I think that that is a flawed model for two reasons. The first is that it misses this whole thing that we've been talking about: market risk. About whether or not the project itself is a good idea, and how do you test that? Which is really operating at a level above system tests.

The second problem that I have with the model is that it's implying volume. It's saying you should have more unit tests than integration tests, because unit tests are cheap to write, and I think that that's missing the point. It's not how cheap or expensive it is to write and maintain. It's what kind of risks are being addressed by those sort of tests.

A lot of web applications that I tend to write today are really trivial. I'm just trying to demonstrate a concept, or I'm just trying to build a CRUD App for some purpose, and I'm basically converting [SQL 10:42] into HTML and back. In those sort of apps, there's very little, functional complexity happening. Usually, I have a framework I've shoved in place that's handling, abstracting, all that stuff away. I don't really see a lot of risk in my functional logic at that level, so I tend to not write a lot of unit tests in that situation, because I don't see what it's getting me.
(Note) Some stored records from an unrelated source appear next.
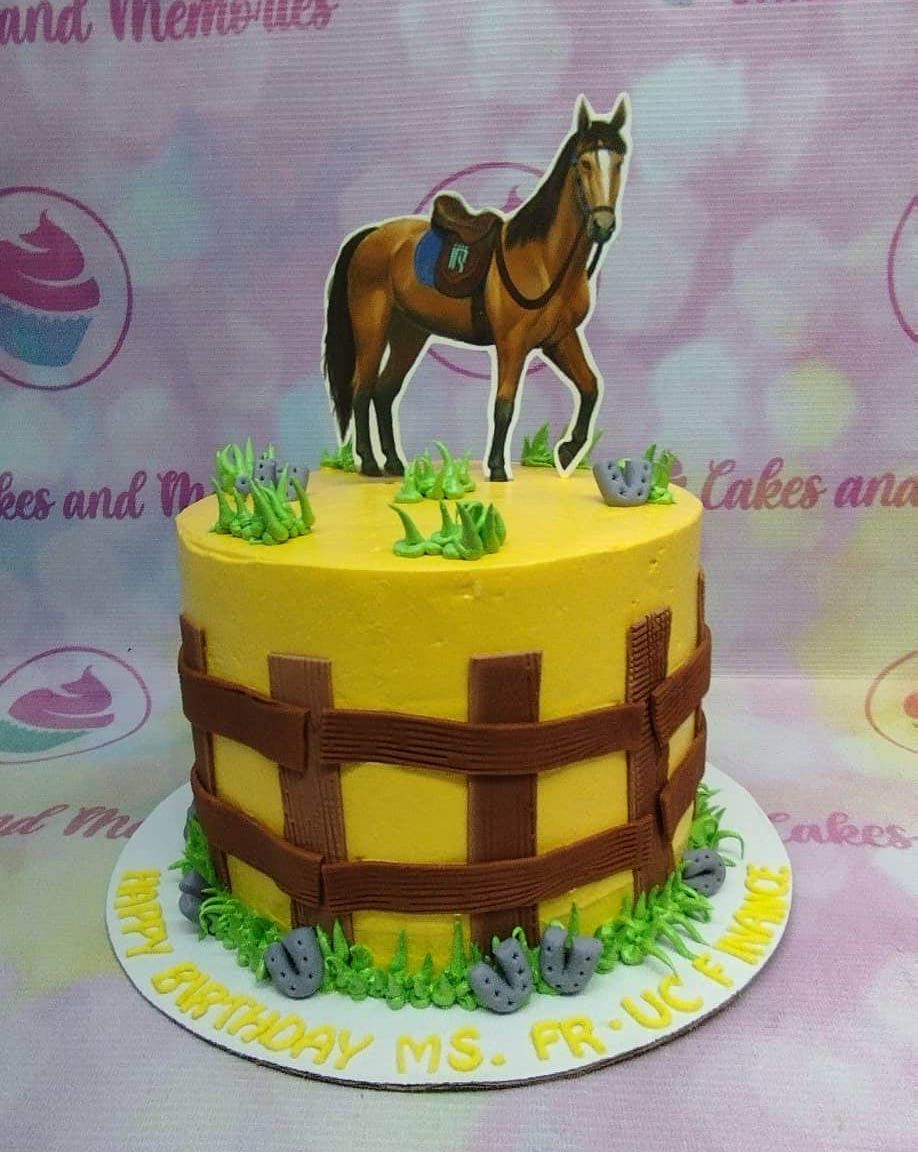 Yellow horse themed birthday cake with a brown horse printout topper, brown fence gumpaste panels, and green icing grass accents.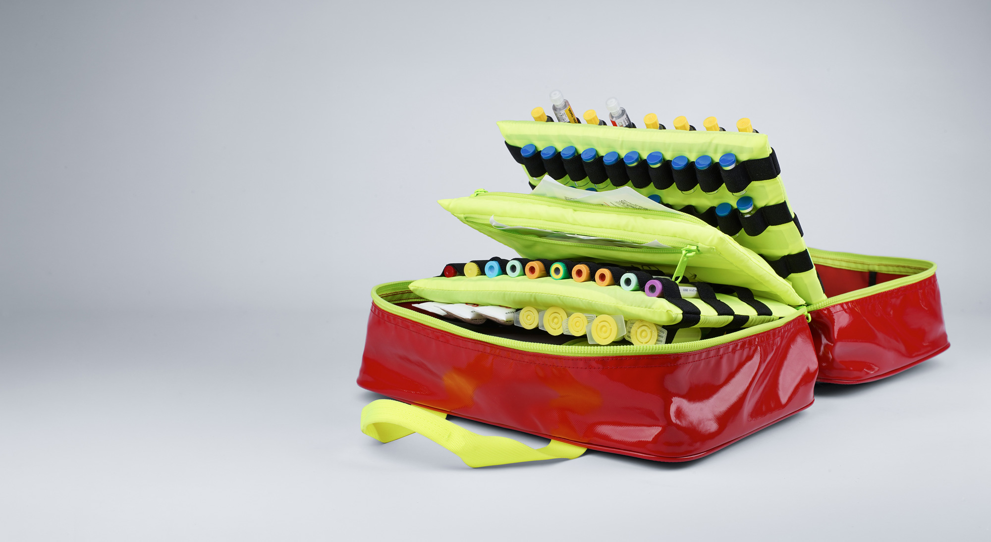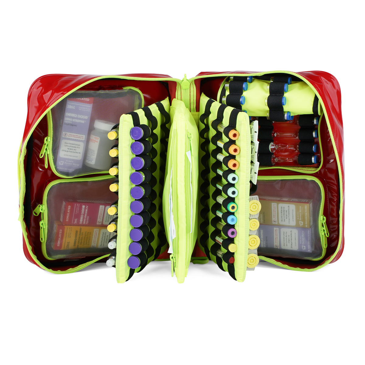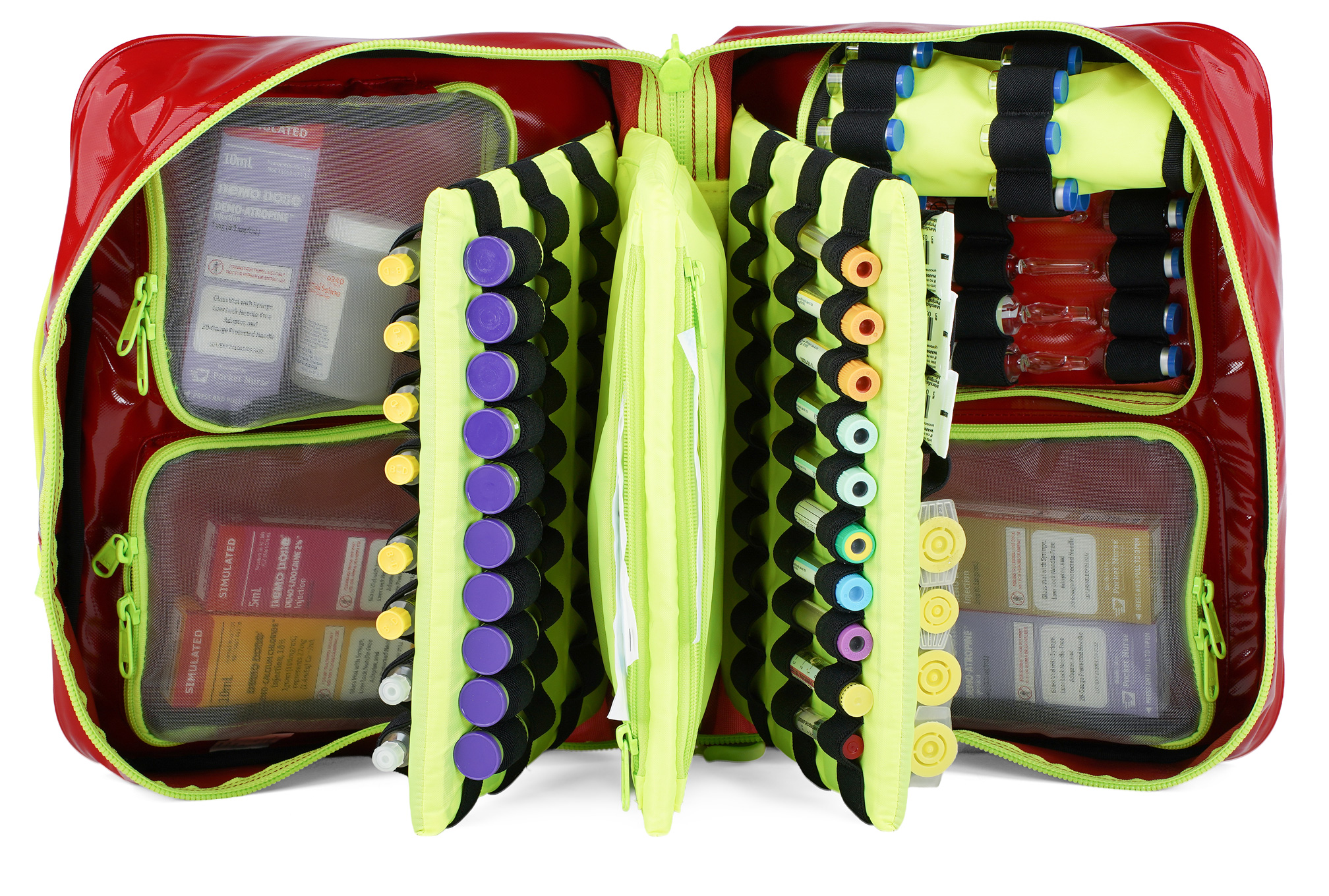 Fold-out design delivers complete visibility and access to all stored items, empowering clinicians to act decisively under pressure. Removable center dividers organize syringes, vials, and IV therapy equipment, while mesh pockets and elastic holsters keep contents secure during transport.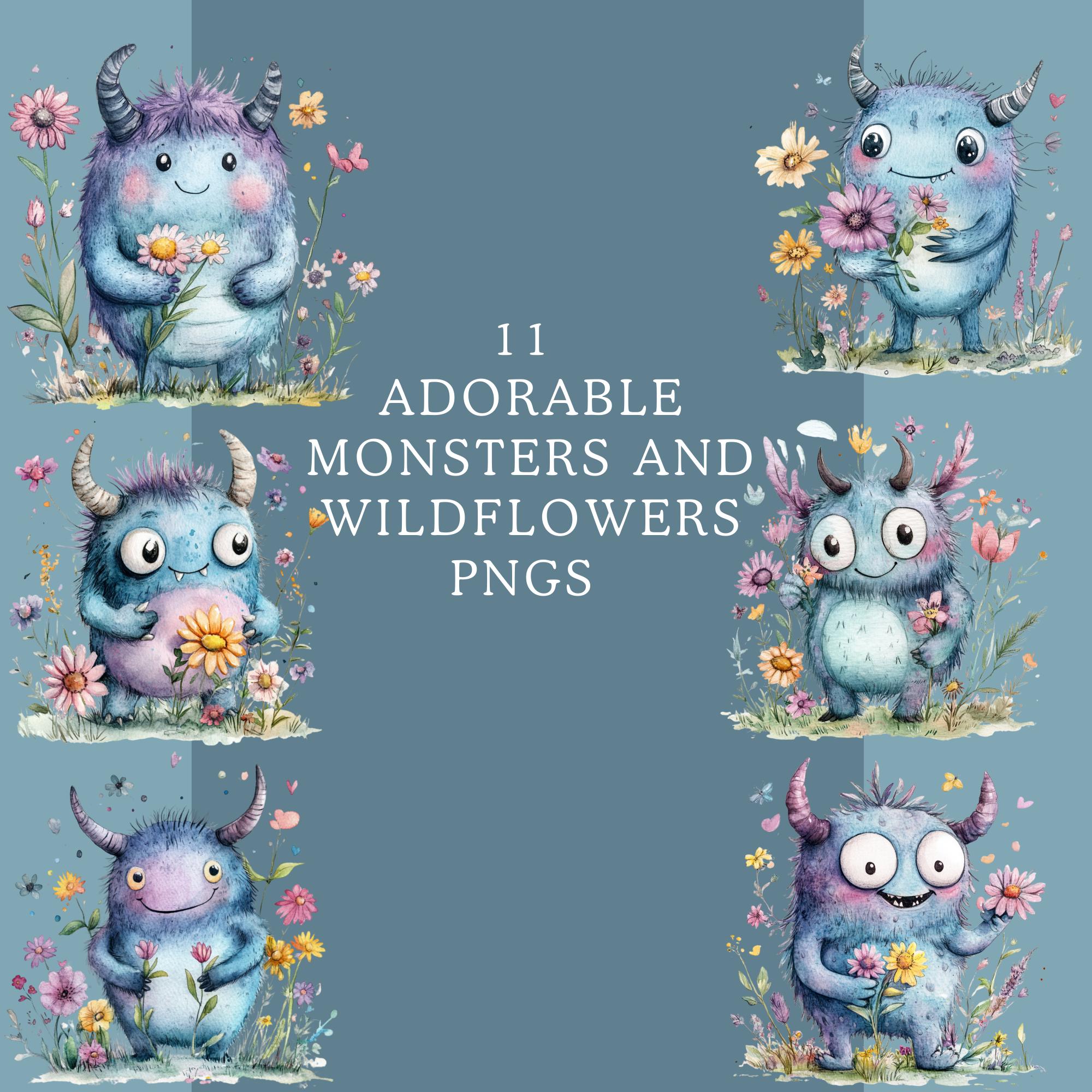 🌼 Adorable Monsters & Wildflower Clipart – 11 Cute Creatures for Kids' Designs! 🌿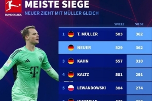 體育資訊10月5日訊 德轉統計了德甲球員獲勝場次排名,諾伊爾362場追平托馬斯-穆勒,并列第一。

If it works, it works, and if it doesn't work, it's not going to work. At that level, I don't have a whole lot of complexity there.

Where I do have some complexity, is typically in an integration level. “Can my app talk to my database?” and, “Am I writing queries correctly?” I'll write some integration tests around that. “Am I presenting a user interface that makes sense?” I'll write some system tests around that. Depending on the app, I might have completely inverted the Pyramid. I might have ten system tests, five integration tests, and one unit test for the one actual, interesting piece of logic I had had in an app, and that totally messes with that metaphor of a “pyramid.” That's why I think it's a “scale,” instead, and one of the things I talk about a lot in the “Talk” is, rather than prescribing how many of one kind of test you should have over another, you should look at, say, “What kind of risks exist in my system? How can my system break?” and build up the testing coverage that you need in each of those areas to address the risks of the system.

Joe:         That was the beauty of your presentation. You actually worked on projects where they had, technically, 100% code coverage, and they still failed! How can that be true? How can you have 100% code coverage and the tests still fail?

Todd:      I have worked on a couple of different projects where a certain level of code coverage was enforced. When you put a metric in place, saying, “We will have 80% code coverage,” or, “We will have 100% code coverage,” you're not actually saying anything about how much quality you want in your code base. Simply, how many lines of code must be executed as a result of running tests? That comes down to, it puts a force on the culture of your team. If you have a team that doesn't really believe in testing the same things that the management who put this requirement on you says, then you're just going to get a bunch of shortcuts.

In one particular example, I was part of a project that would do what I'd call, “Assertion-free testing,” where we would loop over the objects, and just call every function and bury the exceptions that come out of them, and we'd hit 100% code coverage. It was super-easy to hit 100% code coverage. It's just, it didn't test anything. The app was a total disaster.

On a more recent project, we actually had 100% code coverage mandate. It's really hard to get those last few percentage points. You end up testing a bunch of really stupid code that's like, “Of course this is going to work. I'm testing a property getter! Why would this ever fail? This is stupid.” But you'd have to do it in order to hit that arbitrary metric.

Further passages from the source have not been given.